Roanoke Times
                 Copyright (c) 1995, Landmark Communications, Inc.

DATE: SUNDAY, April 29, 1990                   TAG: 9004290202
SECTION: HORIZON                    PAGE: F-1   EDITION: METRO  
SOURCE: 
DATELINE:                                 LENGTH: Long

AGAINST THE CURRENT

It doesn't have one.

The Impact is powered solely by batteries. But this is no golf cart: Quicker than 95 percent of the cars on the road and less polluting than 100 percent, the only smoke in its wake is likely to come from its tires. The car accelerates from 0 to 60 miles per hour in 8 seconds, enough to beat the Mazda Miata and Nissan 300ZX.

Because it's also sleek and comfortable - and has a range of 125 miles between battery charges - many consider the Impact to be the first truly practical electric car.

Others see it as a "platform" - a series of design advances that could be incorporated into a wide variety of vehicles whether they ran on electricity, gasoline or something else. One industry analyst speculates that if an Impact (which on electricity gets the equivalent of 86 miles per gallon) were fitted instead with a small gasoline engine, it might achieve 100 mpg - maybe even 130.

A U.S. auto fleet composed entirely of Impact-like cars could cut automotive pollution - and the fuel consumption that causes it - to about 30 percent of current levels, according to an analyst at the Office of Technology Assessment.

If even a substantial fraction of our rolling stock were electric, it could dramatically reduce oil imports and improve the balance of trade, all without sacrificing performance. Moreover, the Impact employs technology which, though new, is virtually "on the shelf" already. When the car made its debut at the Los Angeles Auto Show in January, GM executives said it could be rolling off the assembly line within five years.

However, because future production of the Impact will depend almost entirely on its profit potential - not concern over smog, acid rain, greenhouse gases or energy independence - it may never be built.

Some states, notably California, are moving toward requiring electric and other alternate-fuel vehicles, but they lack sufficient clout to influence the Big Three car makers to gamble corporate money. And Congress, despite all its hand-wringing talk about global warming, seems in no mood to support innovative auto technology.

On the contrary, the first page ripped from the current Senate clean-air bill was a provision to encourage electric and other high-efficiency, low-pollution cars by regulating tailpipe emissions of carbon dioxide, one of the gases that causes global warming. One of the next deletions was a requirement that "alternate fuel" vehicles - cars and trucks that run on fuels cleaner than gasoline, whether that's electricity or alcohols - be put on the road in large numbers.

In fact, Senate leaders not only dropped the CO2 standard but announced that they would oppose any attempts to reinstate it on the grounds that it would be, in the words of Max Baucus, D-Mont., floor manager of the amendments, a "deal-breaker" which might shatter their agreement to control virtually every pollutant other than those that cause global warming.
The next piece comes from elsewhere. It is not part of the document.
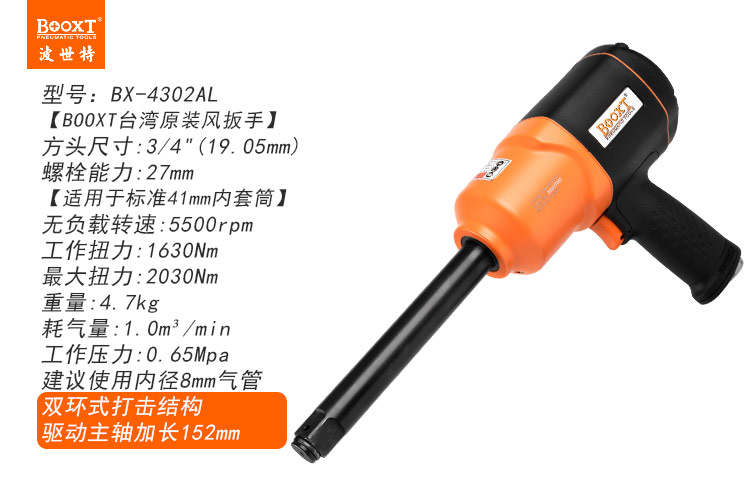 東莞市強勁五金工具有限公司提供臺灣BOOXT波世特品牌氣動工具,加長軸小風炮BX-4302AL1廠家直銷,首件享特價。咨詢熱線:4008301980

The Impact's remarkable performance derives in part from its electric power system and in part from super-efficient materials and design.

A conventional gasoline engine operates at 18-percent efficiency when idling and 28 percent under full load. Electric power plants convert fuel to electricity at an average of 34 percent efficiency. And electric engines don't run while they're sitting at stoplights or stuck in traffic.

Realistically, of course, most American cars may never have the Impact's design advantages. Nonetheless, depending on whether your analysis is conservative or optimistic, the United States could reduce total net vehicular emissions of carbon dioxide by 20 to 50 percent - even when pollution resulting from producing more electricity at existing plants is factored in.

Analyses conducted by the Electric Power Research Institute, the research arm of the U.S. electric-utility industry, conclude that powering some vans electrically would cut their net tailpipe emissions of CO2 by 54 percent and smog-forming oxides of nitrogen by a third. (EPRI concedes that emissions of sulfur dioxide, the pollutant that causes acid rain, would increase 14-fold unless stringent controls were installed on generating plants. Congress seems extremely likely to enact such a program.)

James MacKenzie of the World Resources Institute in Washington calculates that converting the average U.S. delivery van from gas to electricity would reduce its net CO2 emissions by roughly 20 percent.

All this assumes that electricity is made at current power plants, which operate at roughly 34-percent efficiency - thus wasting two-thirds of their fuel. But companies such as General Electric, Siemens and Mitsubishi market systems that can boost plant efficiency above 50 percent.

Other engineering innovations exploited in the Impact include:

\ Body design Probably the sleekest car built to date is Ford's Probe V, with a drag coefficient (a measure of wind resistance - the lower the number, the less the drag) of 0.14. That compares with 0.15 for an F-15 fighter jet.

Impact's coefficient of 0.19 is the result of a sculpted front end, an aerodynamically efficient "belly pan" (because there is no drive shaft or exhaust system, the underside can be smooth), "skirts" over the rear wheelwells and a ducktail shape in the back. One industry analyst, skeptical of the overall importance of the Impact, nevertheless calls the drag coefficient "the real story."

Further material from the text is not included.